Sourcing Journal’s Sustaining Voices celebrates the efforts the apparel industry is making toward securing a more environmentally responsible future through creative innovations, scalable solutions and forward-thinking initiatives that are spinning intent into action.
Nilit is cleaning up its energy with a cogeneration power plant.
The amount of CO₂ Nilit’s new plant reduces
The increase in energy efficiency of Nilit’s new plant
The amount of sulfur dioxide and other toxic gases Nilit’s new plant produces
Nylon producer Nilit is shrinking the environmental footprint of its yarns by making over its energy source.
The 51-year-old Israeli company has introduced a cogeneration power plant on-site at its primary manufacturing facility in Migdal HaEmek. With natural gas as the fuel source, the plant produces cogeneration steam, which Nilit then uses to create compressed air and cold water.

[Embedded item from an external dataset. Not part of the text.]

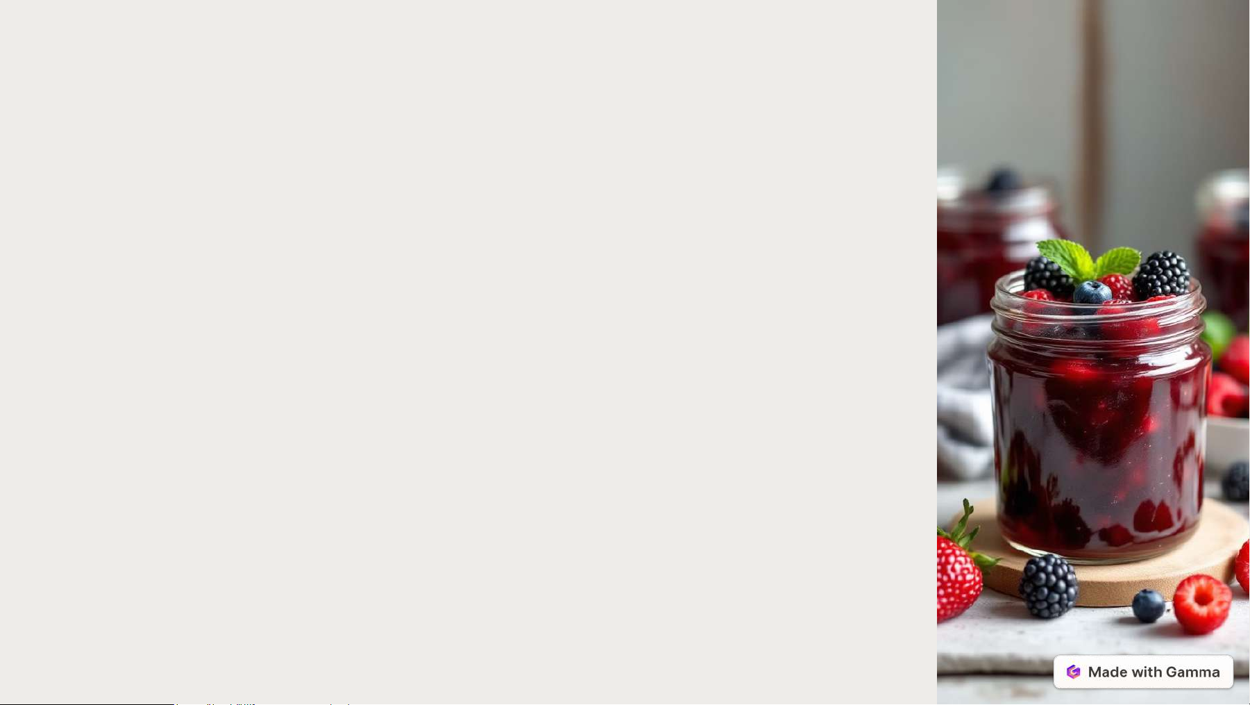 Geleias Caseiras Zero Açúcar Estas geleias são perfeitas para acompanhar pães, bolos, panquecas ou simplesmente saborear com uma colher. O melhor de tudo: são livres de açúcares refinados, preservando o sabor natural das frutas e utilizando adoçantes naturais em quantidades moderadas. https://gamma.app/?utm_source=made-with-gamma Dicas para Conservação e Uso das Geleias Esterilização dos Potes Lave bem os potes de vidro e tampas com água quente e sabão. Coloque os potes limpos em uma panela grande com água (cobrindo completamente). Ferva por 10 minutos. Retire com uma pinça e deixe secar sobre um pano limpo. Os potes devem estar completamente secos antes de receber as geleias. Armazenamento Todas as geleias devem ser conservadas na geladeira após abertas. Para maior durabilidade, use sempre utensílios limpos para retirar a geleia do pote. Se notar alterações de cor, odor ou desenvolvimento de mofo, descarte imediatamente. https://gamma.app/?utm_source=made-with-gamma Usos Criativos para Geleias Zero Açúcar Recheios Como recheio de bolos e tortas zero açúcar Sobre panquecas ou waffles sem glúten Acompanha queijos vegetais sem lactose Misturas Misturadas em iogurtes vegetais caseiros Coberturas C para sobremesas Bebidas Adicionadas a smoothies e shakes proteicos Como adonçante natural para bebidas https://gamma.app/?utm_source=made-with-gamma Geleia de Banana com Canela Ingredientes 4 bananas maduras amassadas Suco de 1 limão 1 colher de chá de canela em pó 1 colher de chá de extrato de baunilha 2 colheres de sopa de eritritol 1 colher de sopa de sementes de chia Dica: Esta geleia é perfeita para passar em pães ou panquecas no café da manhã! Modo de Preparo Em uma panela, coloque as bananas amassadas, o suco de limão, a canela e o adoçante. Leve ao fogo médio-baixo e cozinhe por 10 minutos, mexendo frequentemente. Adicione o extrato de baunilha e as sementes de chia. Cozinhe por mais 5 minutos, mexendo sempre para não grudar no fundo da panela. Retire do fogo e deixe esfriar (a geleia vai engrossar mais ao esfriar). Transfira para potes de vidro esterilizados e conserve na geladeira por até 7 dias. https://gamma.app/?utm_source=made-with-gamma Geleia de Uva Rubi Ingredientes 3 xícaras de uvas vermelhas ou roxas sem sementes 1 maçã verde ralada (com casca) 3 colheres de sopa de eritritol Suco de 1 limão 1 colher de chá de ágar-ágar em pó (substitui a pectina) Dica: Esta geleia combina perfeitamente com queijos vegetais sem lactose! Modo de Preparo Lave bem as uvas e retire-as dos cachos. Em uma panela, coloque as uvas, a maçã ralada, o adoçante e o suco de limão. Leve ao fogo médio- baixo e cozinhe por 15 minutos, amassando as uvas durante o cozimento. Passe a mistura por uma peneira para remover as cascas (opcional). Retorne o líquido à panela, adicione o ágar-ágar e cozinhe por mais 2 minutos, mexendo constantemente. Retire do fogo e deixe esfriar antes de transferir para potes de vidro esterilizados. Conserve na geladeira por até 2 semanas. https://gamma.app/?utm_source=made-with-gamma Geleia de Morango com Chia Ingredientes 2 xícaras de morangos frescos ou congelados 2 colheres de sopa de sementes de chia 2 colheres de sopa de eritritol ou xilitol Suco de 1/2 limão 1/2 colher de chá de extrato de baunilha (opcional) Modo de Preparo Lave bem os morangos, retire os cabinhos e corte-os em pedaços pequenos. Em uma panela, coloque os morangos picados, o adoçante e o suco de limão. Leve ao fogo médio e cozinhe por 10 minutos, mexendo ocasionalmente e amassando levemente as frutas. Retire do fogo, adicione as sementes de chia e o extrato de baunilha, mexendo bem. Deixe esfriar na panela por 15 minutos (a mistura vai engrossar com a chia). Transfira para um pote de vidro esterilizado e conserve na geladeira por até 7 dias. Dica: Para uma textura mais lisa, bata os morangos no liquidificador antes de cozinhar. https://gamma.app/?utm_source=made-with-gamma Geleia de Maracujá Cremosa Ingredientes Polpa de 6 maracujás maduros 1 maçã verde ralada (com casca) 3 colheres de sopa de monk fruit em pó 1/2 xícara de água 1/2 colher de chá de ágar-ágar em pó Modo de Preparo Corte os maracujás ao meio e retire a polpa com uma colher. Em um liquidificador, bata levemente a polpa apenas para soltar as sementes (não triture demais). Passe por uma peneira para separar as sementes. Reserve algumas para decoração, se desejar. Em uma panela, coloque o suco de maracujá, a maçã ralada, o adoçante e a água. Leve ao fogo médio e cozinhe por 10 minutos. Adicione o ágar-ágar, misture bem e cozinhe por mais 3 minutos. Desligue o fogo e adicione algumas sementes de maracujá reservadas, se desejar. Deixe esfriar e transfira para potes esterilizados. Conserve na geladeira por até 10 dias. https://gamma.app/?utm_source=made-with-gamma Geleia de Damasco com Gengibre Ingredientes 2 xícaras de damascos secos sem açúcar 1/2 xícara de água filtrada 1/2 xícara de suco de laranja natural 2 colheres de sopa de adoçante xilitol 1 colher de chá de gengibre ralado 1 colher de chá de ágar-ágar em pó Modo de Preparo Pique os damascos em pedaços pequenos. Em uma tigela, coloque os damascos e cubra com água morna. Deixe de molho por 2 horas (ou durante a noite). Escorra a água e transfira os damascos para uma panela. Adicione a água filtrada, suco de laranja, adoçante e gengibre. Leve ao fogo médio-baixo e cozinhe por 15 minutos, mexendo ocasionalmente. Adicione o ágar-ágar, misture bem e cozinhe por mais 2 minutos. Retire do fogo e deixe esfriar antes de transferir para potes de vidro. Conserve na geladeira por até 2 semanas. https://gamma.app/?utm_source=made-with-gamma Geleia de Jabuticaba Ingredientes 3 xícaras de jabuticabas maduras 2 colheres de sopa de eritritol 1 canela em pau 2 cravos-da-índia Suco de 1/2 limão 1 colher de sopa de sementes de chia Modo de Preparo Lave bem as jabuticabas e retire as sementes. Em uma pan

“Throughout its 51-year history, Nilit has undertaken efforts in water conservation, energy usage and materials and waste management,” said Sagee Aran, head of the global marketing department at Nilit. “The move to more sustainable, greener energy at the heart of our manufacturing infrastructure accelerates this effort in a game-changing way.”
The cogeneration steam has been specially engineered to allow Nilit to derive energy that fits its particular needs. But this custom engineering comes with the challenge of having to constantly make adjustments to ensure consistent energy. Because the process was purpose built for Nilit, Aran is skeptical that other companies or industries can directly copy the energy model.
“It depends upon the level of energy used by each company,” he said. “Nilit is able to create energy in a variety of ways from steam, and this enables the company to reuse waste, whereas at other companies the same energy may be lost.”
Courtesy of the steam, Nilit’s plant is able to lower the use of natural gas by up to 75 percent, while also reducing carbon dioxide emissions by 40 percent. This plant model also fully eliminates emissions of harmful gasses, including sulfur dioxide.
Along with powering Nilit’s production, the plant provides energy to other local businesses. Despite the significant investment in the facility, Nilit says that the plant is the most cost-effective energy conversion within the industry. This approach toward power is also uncommon. “Most companies do not have power plants on-site for cogeneration, making Nilit unique in the industry,” noted Aran.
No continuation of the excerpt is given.